「日本一静かで笑顔あふれるカフェ」

NHKTVのドキュメント番組「目撃にっぽん」は時折驚くような事を掘り下げたり、深く考えさせられるテーマが出てきたりして、注目番組として頭の中に入れている。

今回の題は「日本一静かで笑顔あふれるカフェ」で、てっきり私も好きな「山や森で営むコーヒショップ」だろうと期待して録画したが、鑑賞しはじめてこの予測が完全に間違いであった事を思い知ったが、内容自体は本当に素晴らしいものだった。

この題はカフェチェーン・スターバックスが東京のJR国立駅構内に去年6月開業した、スタッフの8割が聴覚障害者で主なコミュニケーションを手話でやり取りする店の特徴を表したものだと番組を見ているうちに分かってきた。

この店の発端はスターバックスの障害者枠求人に応募して就職した聴覚障害者の女性が、2年後そのやる気が認められるなかで役員に「聴覚障害者だけのカフェをやりたい」と申し出たことにあるらしい。

手始めに既存の店で実際に聴覚障害者でテスト的にオペレーションをし、出来ることを証明し会社として「GO」サインになったようだ。

この番組を見た後スターバックスのホームページを見てみると、会社では障害が理由で何らかのサポートが必要なパートナー(従業員)を支援するプログラムを策定し、トレーニングツールやサポートツールの提供、勤務時間など働き方の調整、コーチング制度などが運用され、既に350名を超える障害のある従業員が勤務されているとの事で、私の知らないところで社会がどんどん進んでいるのを実感した。

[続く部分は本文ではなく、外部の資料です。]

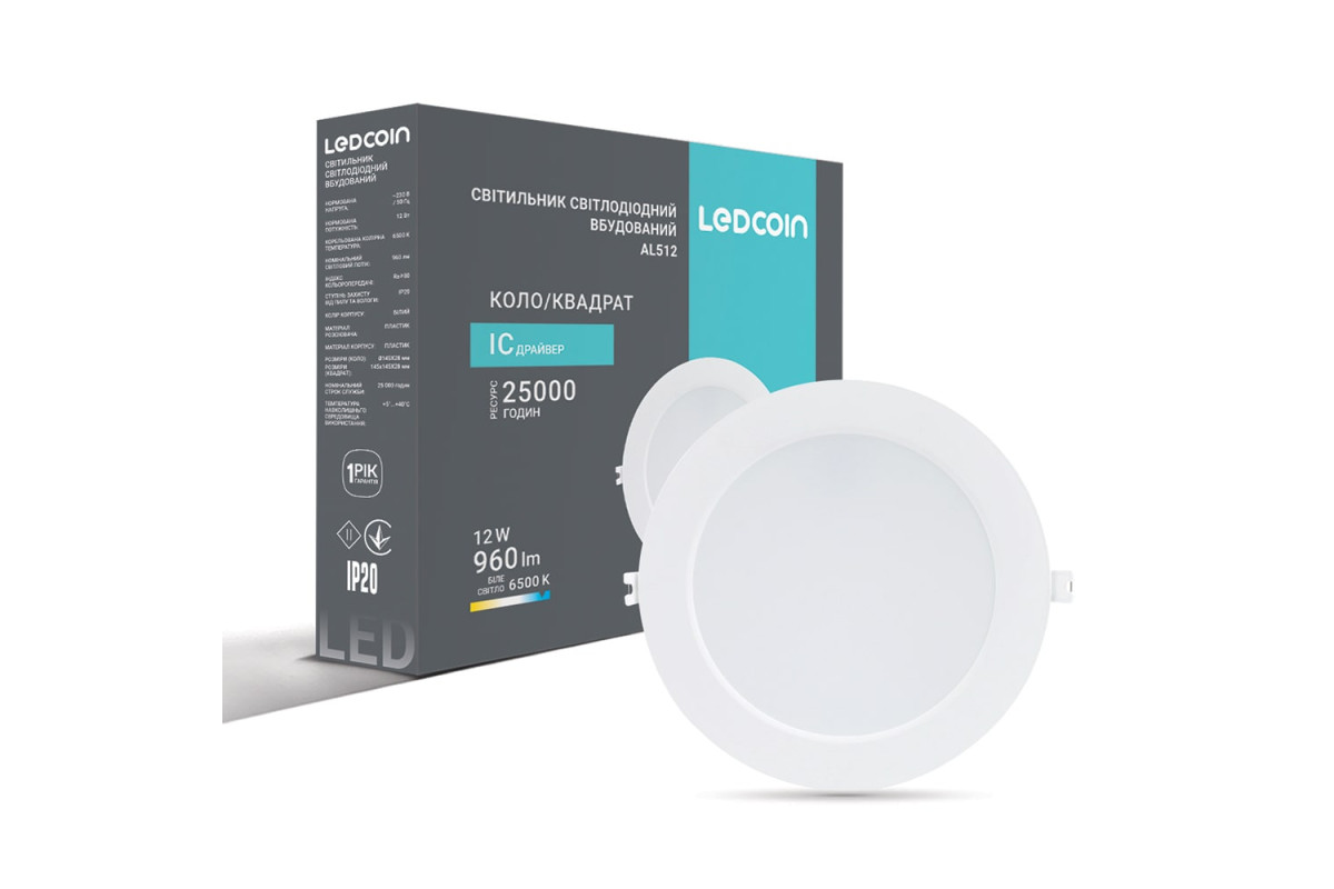 ❓ Яка ціна на Світлодіодний вбудований світильник Ledcoin AL512 12Вт 6500K у 2026 році?

映像を見ていると手話のみではなくこれをサポートするため、タブレットによる注文や映像表示装置、記号化など色々な工夫やツールが店内全体に導入されている。

従業員が笑顔一杯に懸命に接客する様子、お客がこの笑顔に引かれて常連になり従業員とコミュニケーションが成立する様子、聴覚に障害がある両親が同じ聴覚障害者で従業員として働く息子が本当に接客業ができるのか、心配になり様子見に来て安心する姿、等々不覚にも何度も涙が出てしまった。

この店を作るきっかけになった従業員の方が「聞こえないという障害があると接客の仕事は無理というイメージ、私はその壁を壊したい」と手話で話した。

営利の店を運営することは表面上のきれいごとだけでは済まない色々な課題が日夜有ると思われるが、ぜひ乗り越えていってほしいと思わずに居られない。

◎雑草の中から小さな花が顔を出している。